While its new 2015 Volkswagen e-Golf will be the first-ever plug-in electric VW sold in the U.S., the German carmaker has a surprisingly long history of prototype electric cars.
Two weeks ago, during a drive event for its VW e-Golf and e-Up production models, along with prototype Golf GTE plug-in hybrids, Volkswagen showed off restored examples of some of its earlier electric test vehicles.
Volkswagen has experimented with electric cars since the 1970s, when the Volkswagen Golf (Rabbit) platform was first produced.
These electric conversions were built in very limited numbers--dozens or perhaps 100--to give the company a better understanding of how real-world users treated cars with electric drive.
Volkswagen Golf City Stromer Mk II, historic VW electric car at Tempelhof Airport, Berlin
All of them used heavy, low-capacity lead-acid batteries. In the Golf models, they were located under the rear seat and the load bay, resulting in reduced rear space and an awkward and very reclined rear seat-back angle.
On display (though apparently not in running condition) were two different generations of VW Golf City Stromer--based on second- and third-generation Golf hatchbacks--along with an even earlier VW Transporter T2 Elektro.
The name's not a typo: "Stromer" comes from the German word "Strom", or "Current," with the "City" prefix alluded to the limited range and city-car usage of the test vehicles.

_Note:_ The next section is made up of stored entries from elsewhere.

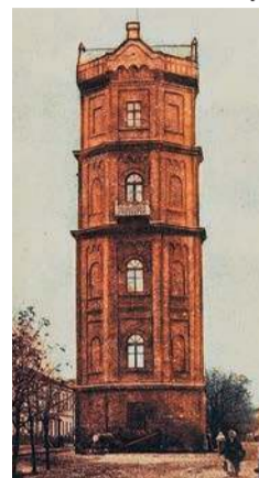
... i w Płocku

jednym z elementów układu naczyń połączonych, odpowiedzialnych za miejscową sieć wodociagową. Budynek został tak zaprojektowany, aby pełnił rolę pawilonu z tarasem widokowym na okolicę. Z czasem został przekształcony na budynek mieszkalny dla służby folwarcznej, ale to już zupełnie inna sprawa.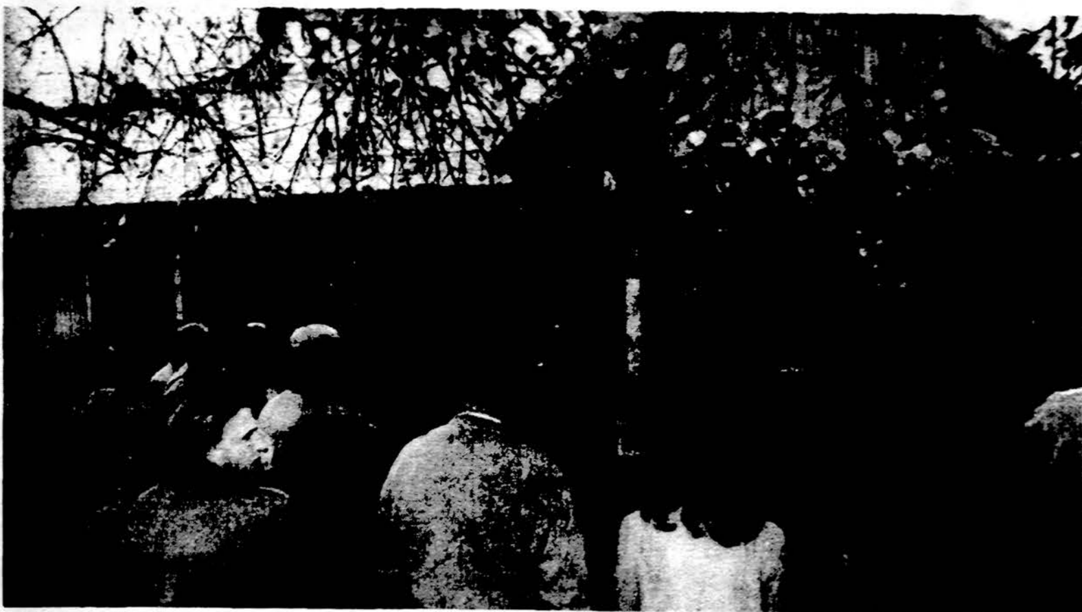
Druskininkuose: skatymai prie mados galerijos.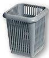
CBS Porte-couverts Silvercup s' intégrant dans le casier à assiette UK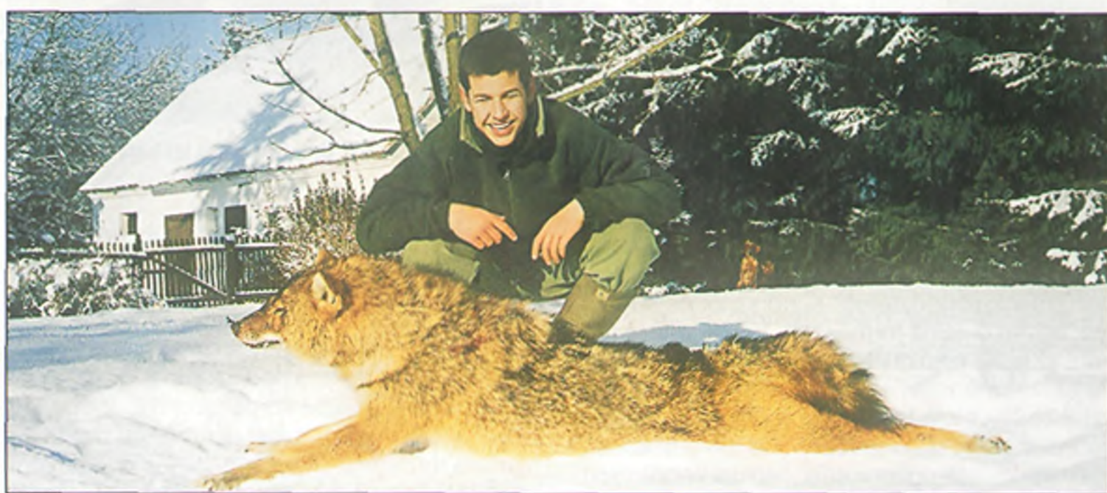
Rekord méretű sakál, elesett múlt év karácsony napján.

lepszik, akár itt is neveli fel utódait (hiúz), de elszaporodásukhoz, pláne, elszaporításukhoz – vegyük már tudomásul – nincsenek meg a feltételek. (Ha meglennének, már rég maguktól elszaporodtak volna...)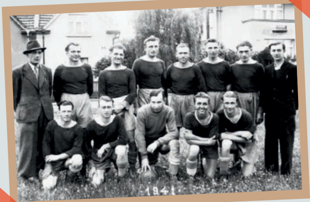
A.F.K. Zátíší v r.1941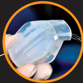
Распорка для челюсти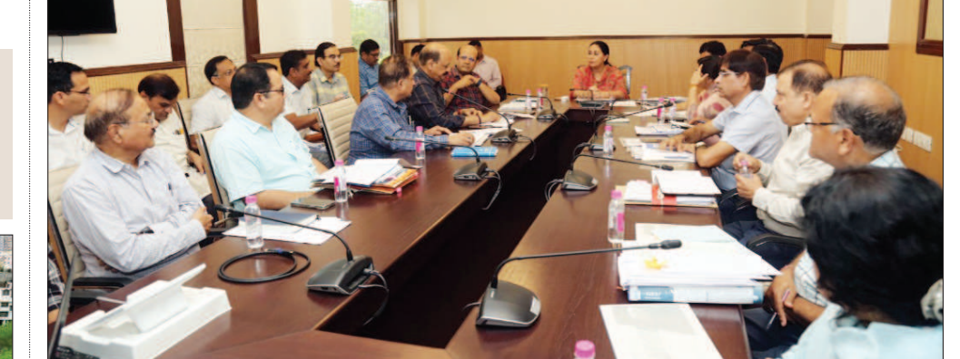
उप मुख्यमंत्री ने की पीडब्लूडी के कार्यों की समीक्षा

फेज-1सी : (बड़ी चौपड़ से ट्रांसपोर्ट नगर तक) इस रूट पर काम चल रहा है। 2.85 किलोमीटर का रूट निर्धारित है। फेज-1डी : (मानसरोवर मेट्रो स्टेशन से 200 फीट बाइपास तक) का भी काम शुरू हो गया है। 1.35 किमी का यह रूट पूरा एलिवेटेड होगा। करीब 30 किमी का होगा फेज-2 फेज-2 (आबावाड़ी से सीकर रोड तक) करीब 30 किलोमीटर का रूट होने का अनुमान है। इसके निर्माण में 5860 करोड़ रुपए खर्च होंगे। पहले यह रूट आबावाड़ी तक था, लेकिन अब इसको बीआरटीएस करिडोर होते हुए सीकर रोड तक ले जाने की योजना है। इससे सीकर रोड के दोनों ओर रहने वाले लोगों की आवाजाही सुगम होगी। पहले इस रूट की लंबाई (सीतापुरा से आबावाड़ी तक) 23 किलोमीटर थी और लागत 4600 करोड़ रुपए थी।

The second-generation Range Stromer, based on a late-Eighties Golf, used VW used heavy lead-acid gel batteries and an anemic 18.5-kilowatt electric motor.
It provided a range of 50 to 60 miles on a good day, and a top speed of around 60 mph. And the third-generation model was little better.
Our contributor Nikki Gordon-Bloomfield wrote about her own second-generation Golf City Stromer, now owned by Volkswagen of Great Britain, which is restoring it.
Perhaps most interesting was an electric conversion of a Volkswagen Type 2 Transporter, better known in the U.S. in its multi-window form as the "VW Van" of hippie and surfer legend.
Volkswagen provided relatively little information beyond the name plates (and, frankly, we were driving new plug-in VWs most of the day), but the T2 Elektro obviously carried banks of lead-acid batteries under its floor as well.
We'd welcome more information on these historic electric Volkswagens.
Meanwhile, enjoy the photos--and reflect on how very far the state of the art in electric cars has come since that first electric Golf 40 years ago!